The data:

◆ ◆ ◆ ◆

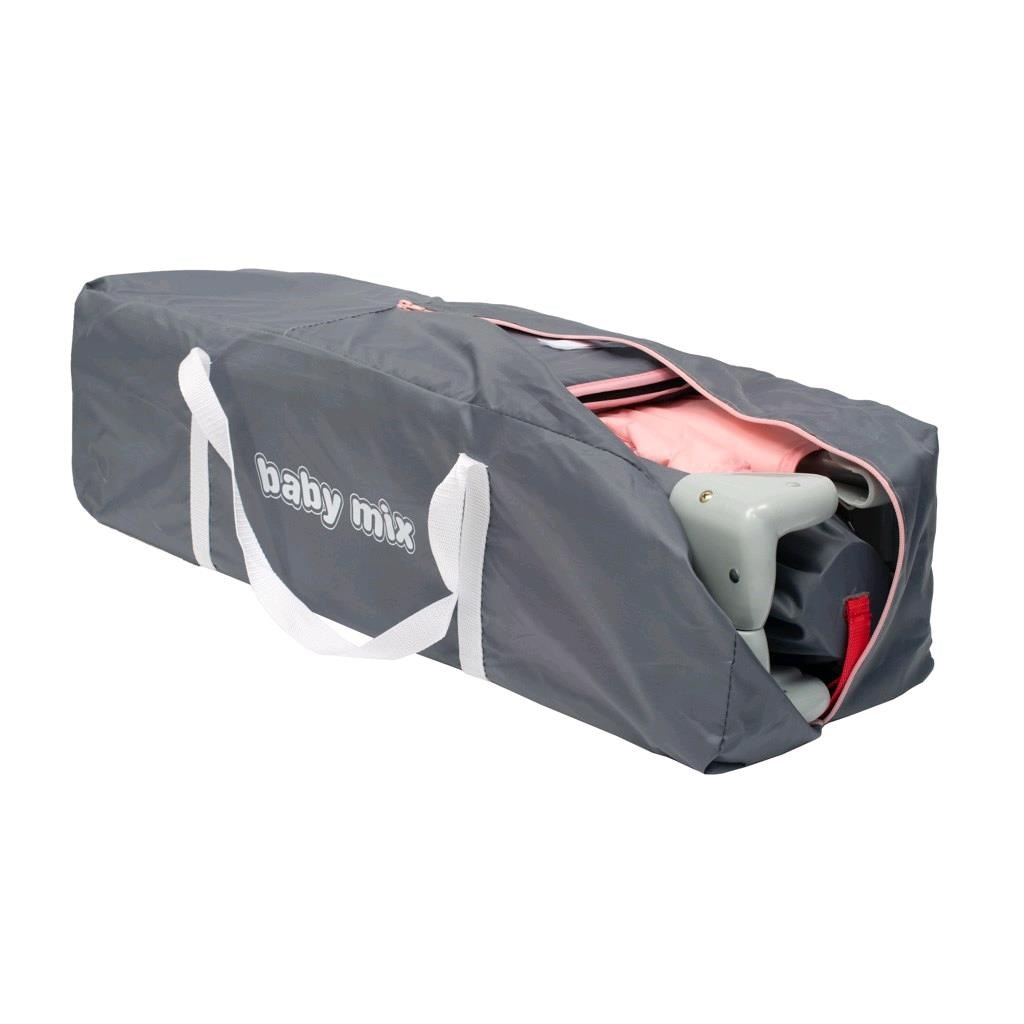 Practical portable travel cot Baby Mix serves not only as a travel cot, but also as a playpen. Enjoy time spent with your baby whenever you are on holiday or travelling. Even grandparents can enjoy the presence of their grandchildren even if they no longer have a crib. Thanks to the simple folding mechanism, the cot can be quickly and easily folded, put in the included practical bag with straps and conveniently put in the car. The cot is very lightweight and is equipped with wheels with integrated brake, so you can easily transport it to another room, balcony, terrace or garden.
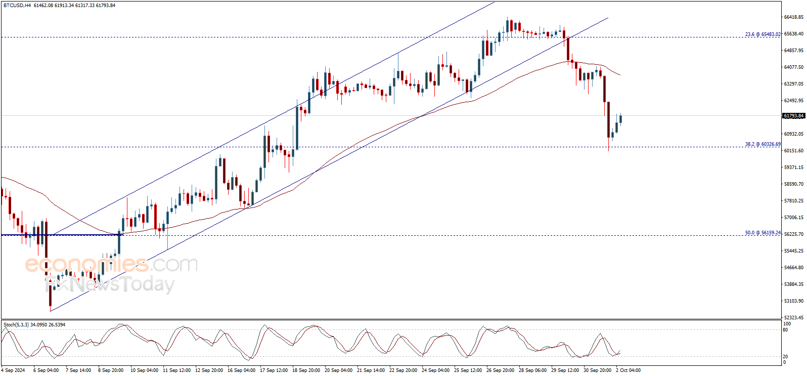 وبشكل عام، سيبقى الاتجاه الصاعد قائماً وفعالاً لهذا اليوم ما لم يتم كسر مستوى 60326.70$ والثبات دونه.
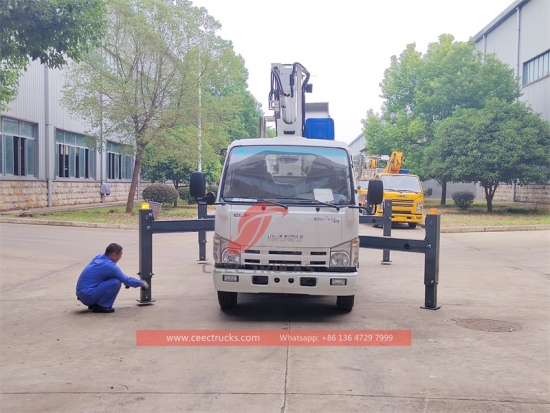 13m 버킷 크레인 리프팅 트럭, 이스즈 100P 4x2 섀시, 5단 수동 변속기, 이스즈 98마력 디젤 엔진, 도색 및 로고는 요구 사항에 따라 달라집니다. 고객 언어 제어 박스.

◆ ◆ ◆ ◆

Task description: Transcribe the whole listing exactly. Pictures stay out of your copy.

Solution below:
 Practical portable travel cot Baby Mix serves not only as a travel cot, but also as a playpen. Enjoy time spent with your baby whenever you are on holiday or travelling. Even grandparents can enjoy the presence of their grandchildren even if they no longer have a crib. Thanks to the simple folding mechanism, the cot can be quickly and easily folded, put in the included practical bag with straps and conveniently put in the car. The cot is very lightweight and is equipped with wheels with integrated brake, so you can easily transport it to another room, balcony, terrace or garden.
 وبشكل عام، سيبقى الاتجاه الصاعد قائماً وفعالاً لهذا اليوم ما لم يتم كسر مستوى 60326.70$ والثبات دونه.
 13m 버킷 크레인 리프팅 트럭, 이스즈 100P 4x2 섀시, 5단 수동 변속기, 이스즈 98마력 디젤 엔진, 도색 및 로고는 요구 사항에 따라 달라집니다. 고객 언어 제어 박스.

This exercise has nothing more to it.